# THE PROBLEM
Pictures stay out of the output. Return exactly the lines below from the one with "LÃNH ĐẠO CÔNG" down to the one with "整个比赛过程,同学们激情昂扬", both included, and nothing more.

# DATA
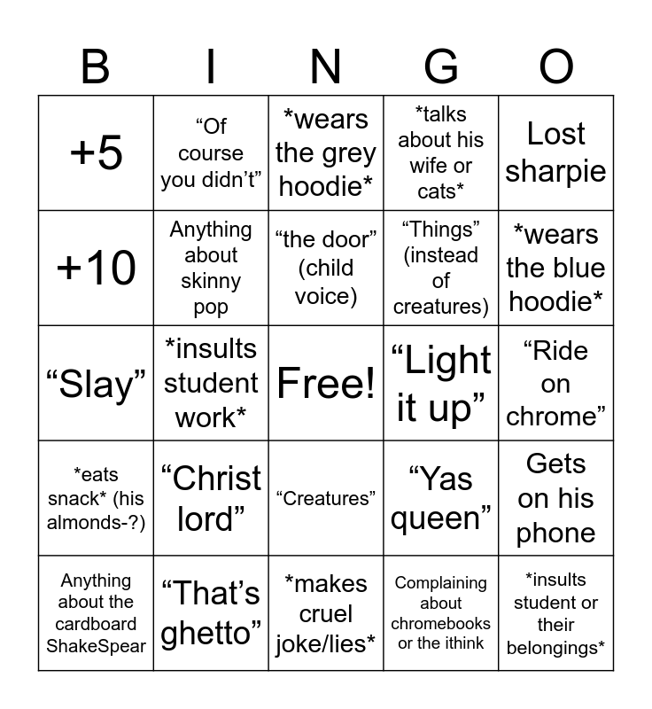 This bingo card has a free space and 24 words: “Christ lord”, “That’s ghetto”, “the door” (child voice), Anything about the cardboard ShakeSpear, Lost sharpie, +5, +10, “Of course you didn’t”, “Light it up”, “Creatures”, “Things” (instead of creatures), “Slay”, “Yas queen”, Gets on his phone, Anything about skinny pop, Complaining about chromebooks or the ithink, “Ride on chrome”, *wears the grey hoodie*, *wears the blue hoodie*, *insults student work*, *insults student or their belongings*, *eats snack* (his almonds-?), *talks about his wife or cats* and *makes cruel joke/lies*.
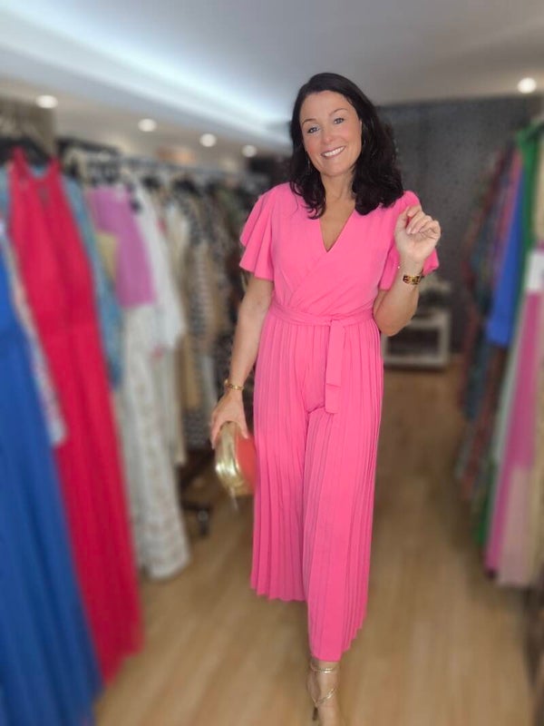 Combi pantalon cache-coeur, plissé plat aux jambes, manches courtes volantées, ceinture à nouer à la taille.
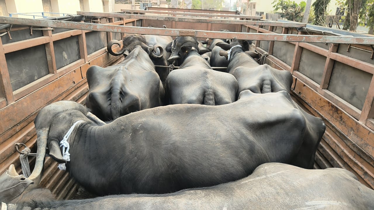 આ પછી કથિત રીતે પશુઓને કતલખાને કપાવવા માટે લઈ જવામાં આવતો હોવાની આશંકા પરથી ઉપરોક્ત આઈસર ટ્રકને અત્રે જામનગર માર્ગ પર આવેલા ધરમપુર ટોલ ગેઈટ પાસે અટકાવીને ચેકિંગ કરવામાં આવતા તેમાં 9 મોટી ભેંસ તેમજ ચાર નાના પાડરડા (પશુ) ભરેલા હોવાનું ધ્યાન આવ્યું હતું. આઈસરમાં ઉપરોક્ત તમામ 13 પશુઓને ટૂંકા દોરડા વડે ખીચોખીચ બાંધી અને હલનચલન પણ ન કરી શકે તેવી સ્થિતિમાં જોવા મળ્યા હતા. એટલું જ નહીં, ટ્રકમાં પશુઓ માટે ચારા કે પાણીની પણ વ્યવસ્થા ન હતી. આ પશુઓ બાબતે ટ્રકના ચાલક હમીર નેભા આંબલીયા (ઉ.વ. 34, રહે. હંજરાપર, તા. ખંભાળિયા) ને પૂછવામાં આવતા ઉપરોક્ત પશુઓ તે હંજરાપર ગામે રહેતા પ્રવીણભાઈ દેવાયતભાઈ આંબલીયાના ઘરેથી તેમની માલિકી પાસેથી લીધા હોવાનું તેમજ આ પશુઓને સુરત ખાતે રહેતા એક આસામીને આપવા માટે જતા હોવાનું જણાવ્યું હતું.
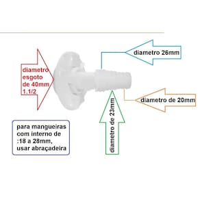 utilizado na adaptação da mangueira de saída da máquina de lavar ou máquina de lavar louça, fazendo o despejo direto na rede de esgoto.
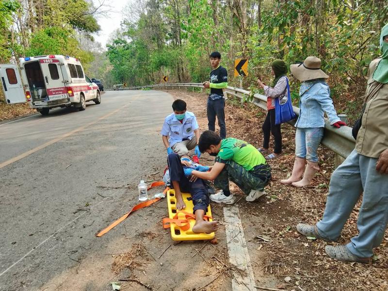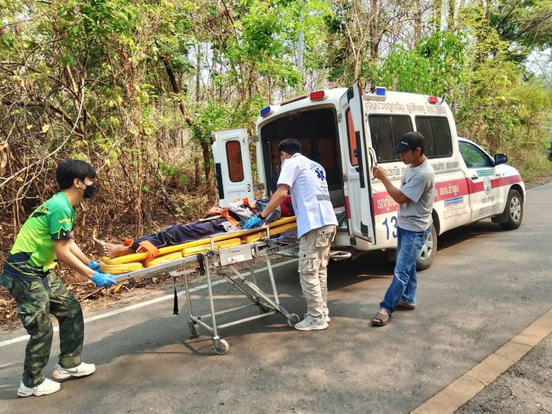 รายละเอียด : วันที่ 9 เมษายน 2567 องค์การบริหารส่วนตำบลแม่ลาน โดย นายโสภณ มีมัง นายกองค์การบริหารส่วนตำบลแม่ลาน มอบหมายให้เจ้าหน้าที่กู้ชีพองค์การบริหารส่วนตำบลแม่ลาน ออกเหตุรับผู้บาดเจ็บ เนื่องจากรถจักรยานยนต์ล้มเอง ถนนสายก้อ - ผาต้าย หมู่ที่ 1 ทำการปฐมพยาบาลเบื้องต้น ทำแผลและใส่ Hard collar ดามคอ นำตัวส่งโรงพยาบาลลี้ อำเภอลี้ จังหวัดลำพูน เพื่อทำการรักษาต่อไป
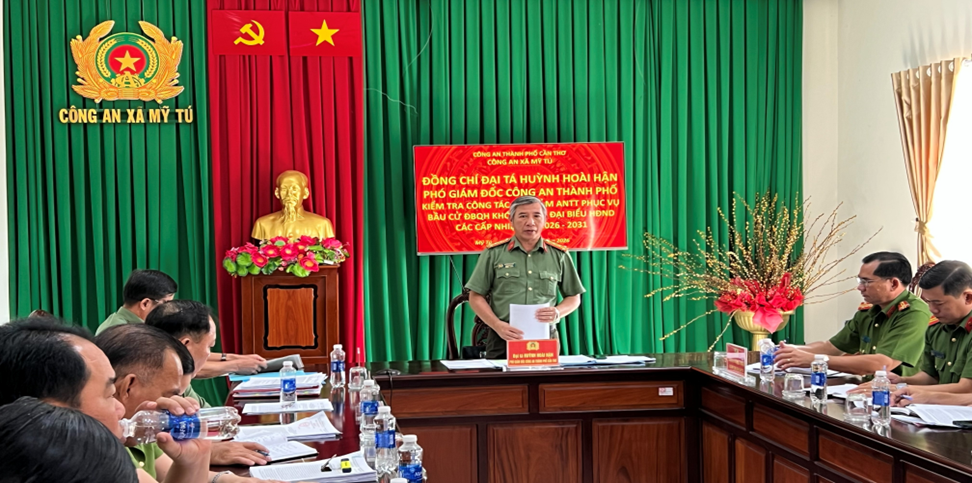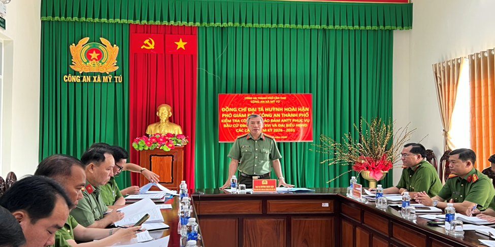 LÃNH ĐẠO CÔNG AN THÀNH PHỐ CẦN THƠ KIỂM TRA CÔNG TÁC BẢO ĐẢM AN NINH, TRẬT TỰ PHỤC VỤ BẦU CỬ ĐẠI BIỂU QUỐC HỘI VÀ ĐẠI BIỂU HỘI ĐỒNG NHÂN DÂN CÁC CẤP NHIỆM KỲ 2026 - 2031 TẠI CÔNG AN XÃ MỸ TÚ
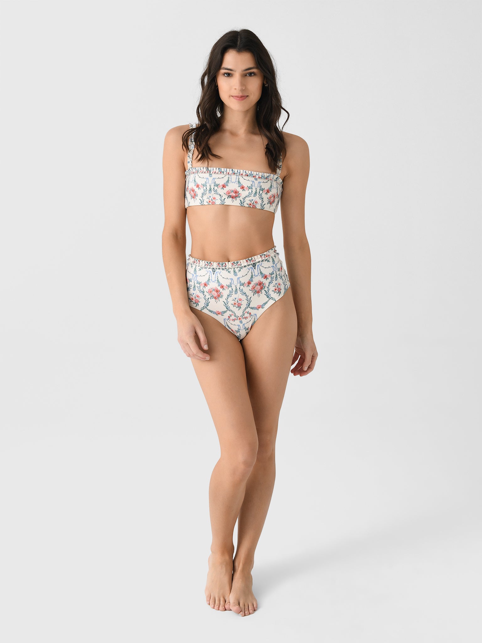 This bandeau-inspired bikini top features ruched straps and a bright floral print.
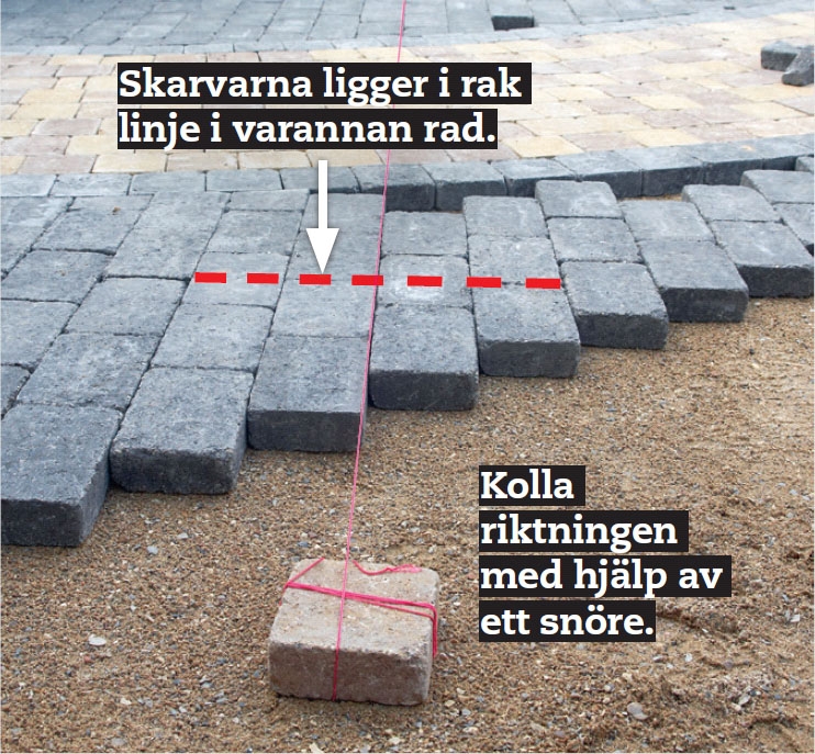 Var noga med riktningen. Spänn ett snöre så att du har något att kolla riktningen med. Fogarna ska ligga på rak linje på båda sidorna av gången, och det kollas med ett långt snöre.
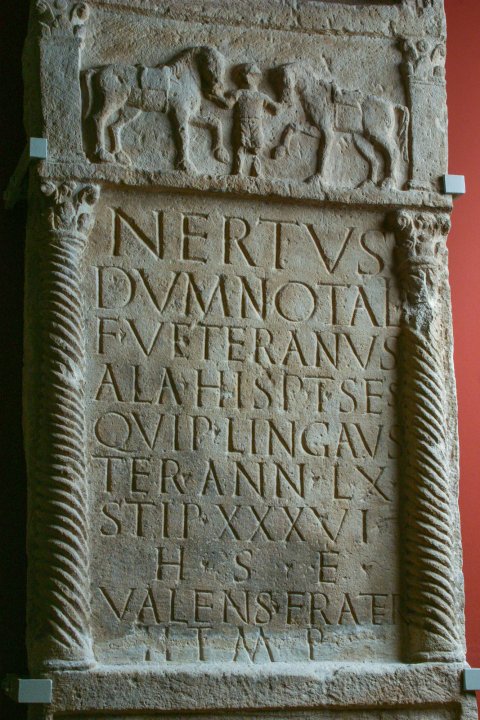 - Nertus / Dumnotali / f(ilius) veteranus / ala(e) Hisp(anorum) I ses/quip(licarius) Lingaus/ter ann(orum) LX / stip(endiorum) XXXVI / h(ic) s(itus) e(st) / Valens frater / h(eres) t(itulum) m(emoriae) p(osuit) / f(ratri ?)
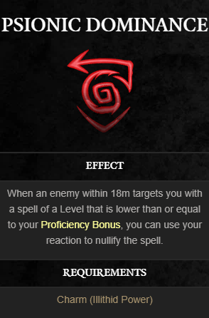 하지만 카운터펠의 막대한 비용으로 어려움을 겪고 있는 플레이어는 사이오닉 지배를 확보하는 것을 고려할 수 있습니다. 플레이어로부터 18m 이내에 있는 스펠 캐스터가 숙련도 보너스보다 낮거나 같은 스펠로 플레이어를 목표로 하면 반응으로 즉시 스펠을 무효화할 수 있습니다. 이것은 여러 명의 주문 시전자에게 유용하지 않을 수 있지만 무료 카운터펠 역할을 하는 사이오닉 지배는 플레이어에게 큰 이점을 제공할 수 있습니다.
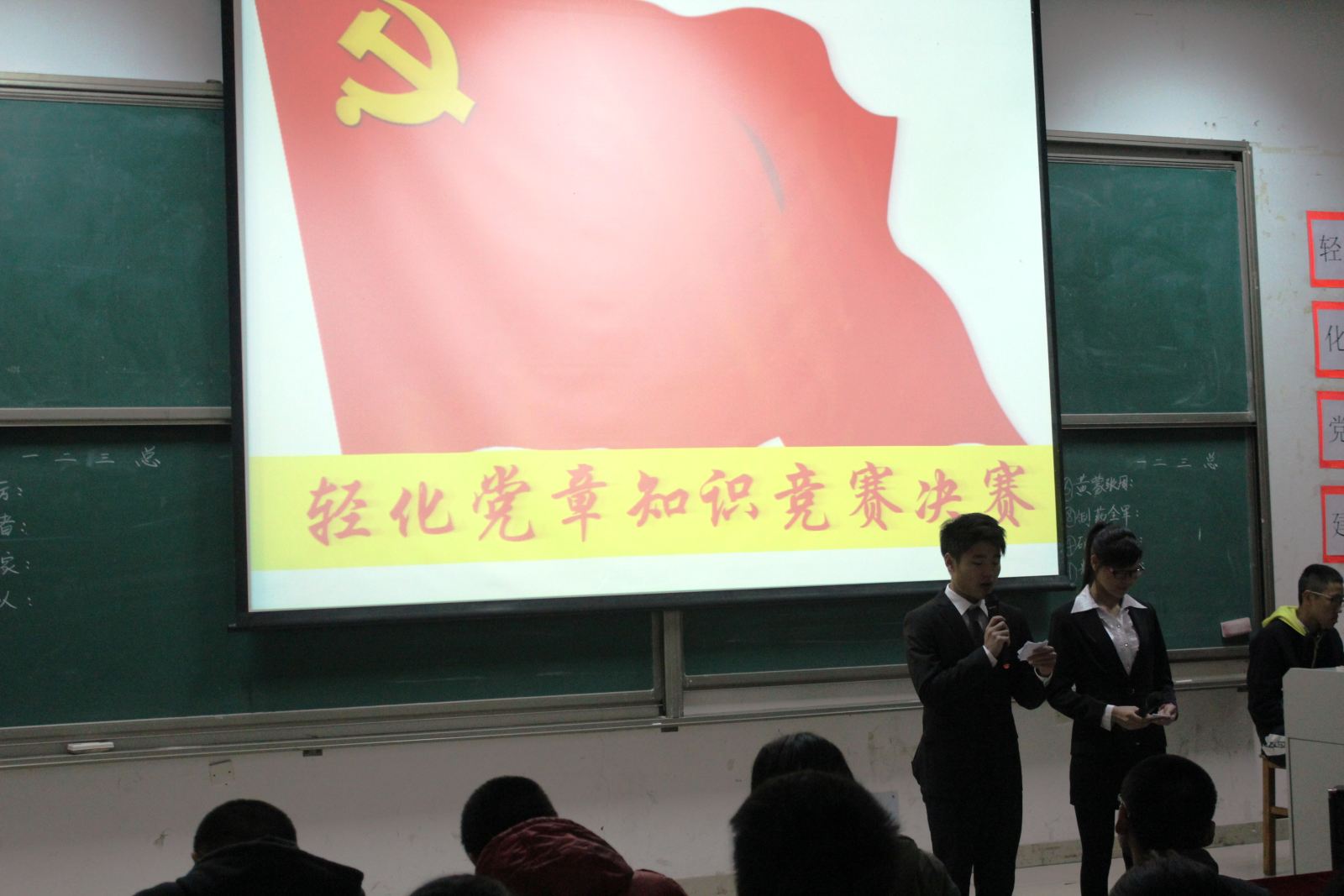 整个比赛过程,同学们激情昂扬,掌声连连不断,气氛热烈。本次党章知识竞赛创新了传统的党章知识竞赛模式,对入党积极分子进行了全面系统的理论素质竞技考察。赛事不仅让参赛队伍体会到了全局意识和团队精神的重要性,也让在场的观众学到了许多有关党章的知识,进一步提高了广大同学向党组织靠拢的自觉性和积极性。
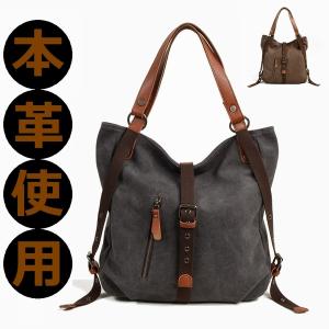 トートバッグ ショルダーバッグ リュック メンズ レディース 帆布 a4 ヌメ革 本革 帆布 大容量 通勤 通学 3way
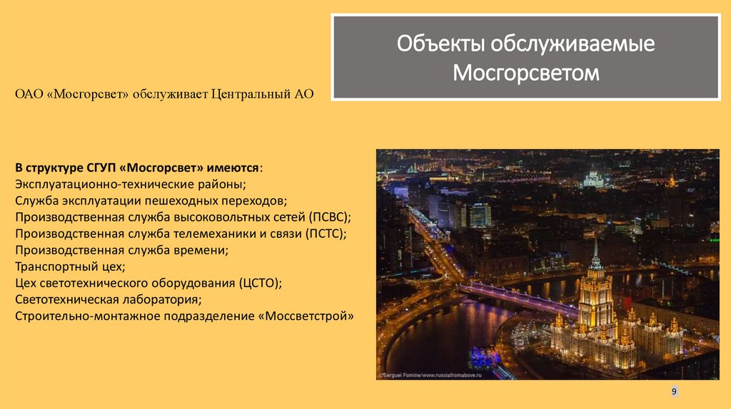 ОАО «Мосгорсвет» обслуживает Центральный АООбъекты обслуживаемые
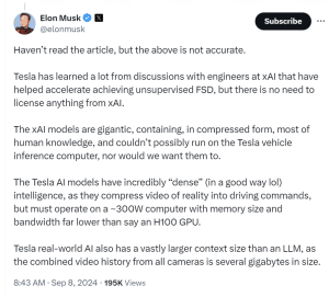 “A Tesla aprendeu muito com as discussões com engenheiros da xAI que ajudaram a acelerar a obtenção de FSD não supervisionado, mas não há necessidade de licenciar nada da xAI.”
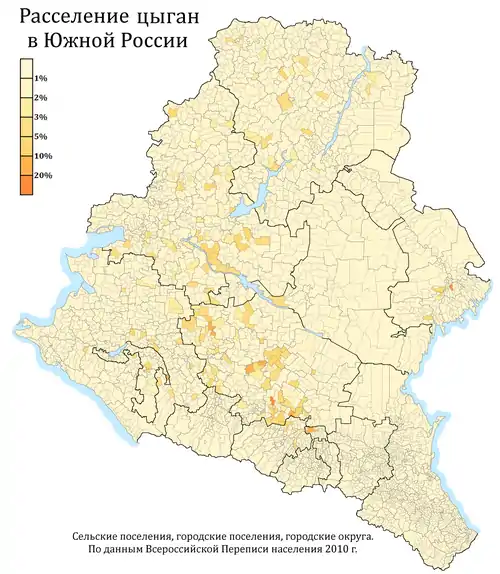 Расселение цыган в ЮФО и СКФО по городским и сельским поселениям в %, перепись 2010 г.
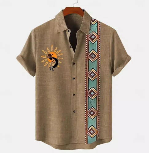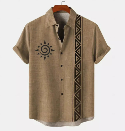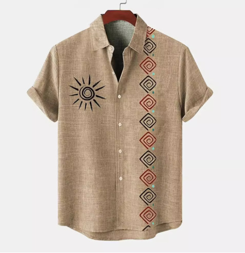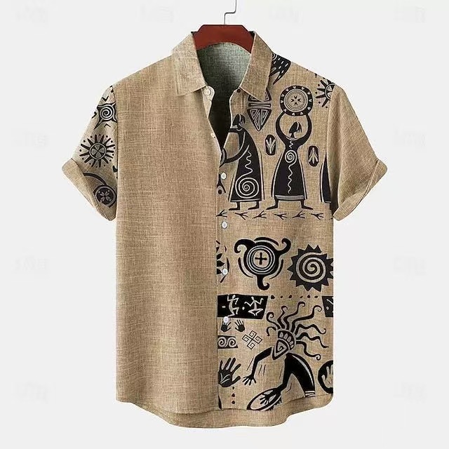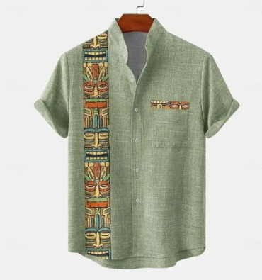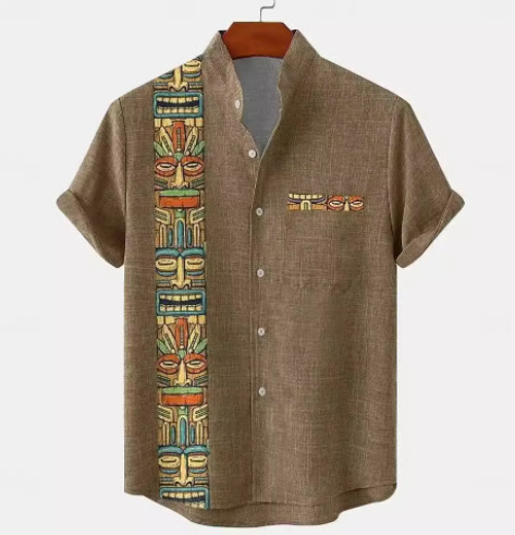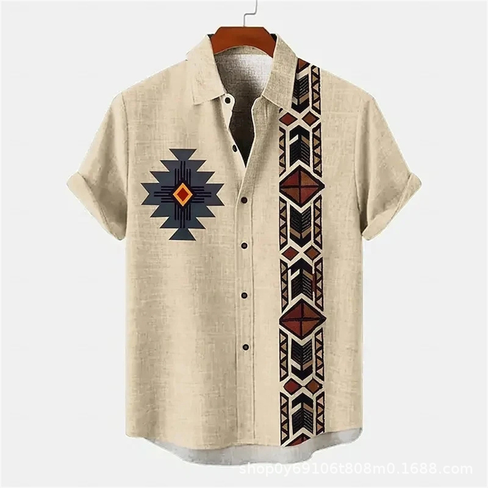 새로운 빈티지 캐주얼 짧은 소매 셔츠 남자의 자카드 느슨한 셔츠 아프리카 부족 3D 인쇄 국경 아마존스토어 가기
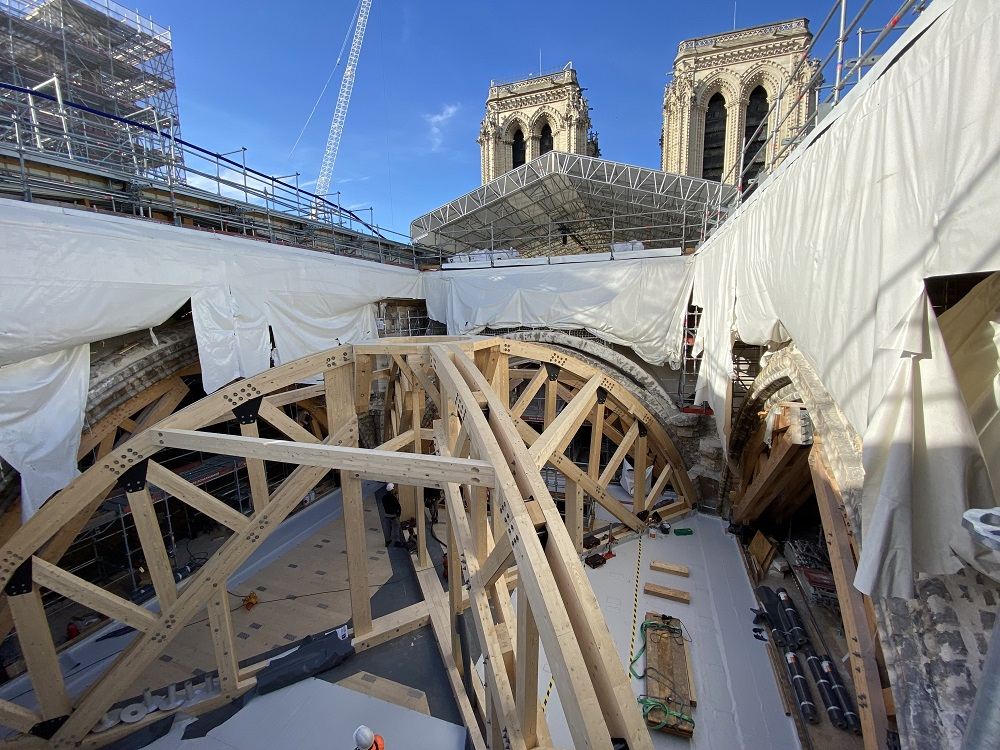 Intanto a Parigi più di 500 persone lavorano al restauro di Notre-Dame. Lo «zoccolo» di legno di 80 tonnellate su cui si deve poggiare la nuova guglia, ricostruita identica a quella di Viollet-le-Duc, è stato assemblato. La guglia, ancora circondata da impalcature, svetterà a 66 metri entro la fine 2023. Enormi impalcature continuano ad occupare l’interno della chiesa, benché la ricostruzione delle volte della navata e di una parte del coro sia completata. Stanno tornando al loro posto le vetrate restaurate in laboratorio e l’organo settecentesco, le cui 8mila canne sono state rimontate a una a una. Ma la strada è ancora lunga, soprattutto perché va ricostruita la «foresta» di legno di quercia (le capriate del sottotetto) che dovrà essere ricoperta da tavole di piombo. Il Psbc prevede un dispositivo antincendio a nebulizzazione d’acqua che sarà realizzato su misura. La torre campanaria deve essere resturata e gli archi rampanti devono essere liberati dai rinforzi di legno installati dopo il rogo. L’architetto Philippe Villeneuve ha ipotizzato la creazione di un Musée de l’œuvre Notre-Dame, come a Strasburgo e Reims. Da parte sua il presidente Macron ha confermato la riapertura nel 2024, l’8 dicembre.

# OUTPUT FOR THIS TASK
 LÃNH ĐẠO CÔNG AN THÀNH PHỐ CẦN THƠ KIỂM TRA CÔNG TÁC BẢO ĐẢM AN NINH, TRẬT TỰ PHỤC VỤ BẦU CỬ ĐẠI BIỂU QUỐC HỘI VÀ ĐẠI BIỂU HỘI ĐỒNG NHÂN DÂN CÁC CẤP NHIỆM KỲ 2026 - 2031 TẠI CÔNG AN XÃ MỸ TÚ
 This bandeau-inspired bikini top features ruched straps and a bright floral print.
 Var noga med riktningen. Spänn ett snöre så att du har något att kolla riktningen med. Fogarna ska ligga på rak linje på båda sidorna av gången, och det kollas med ett långt snöre.
 - Nertus / Dumnotali / f(ilius) veteranus / ala(e) Hisp(anorum) I ses/quip(licarius) Lingaus/ter ann(orum) LX / stip(endiorum) XXXVI / h(ic) s(itus) e(st) / Valens frater / h(eres) t(itulum) m(emoriae) p(osuit) / f(ratri ?)
 하지만 카운터펠의 막대한 비용으로 어려움을 겪고 있는 플레이어는 사이오닉 지배를 확보하는 것을 고려할 수 있습니다. 플레이어로부터 18m 이내에 있는 스펠 캐스터가 숙련도 보너스보다 낮거나 같은 스펠로 플레이어를 목표로 하면 반응으로 즉시 스펠을 무효화할 수 있습니다. 이것은 여러 명의 주문 시전자에게 유용하지 않을 수 있지만 무료 카운터펠 역할을 하는 사이오닉 지배는 플레이어에게 큰 이점을 제공할 수 있습니다.
 整个比赛过程,同学们激情昂扬,掌声连连不断,气氛热烈。本次党章知识竞赛创新了传统的党章知识竞赛模式,对入党积极分子进行了全面系统的理论素质竞技考察。赛事不仅让参赛队伍体会到了全局意识和团队精神的重要性,也让在场的观众学到了许多有关党章的知识,进一步提高了广大同学向党组织靠拢的自觉性和积极性。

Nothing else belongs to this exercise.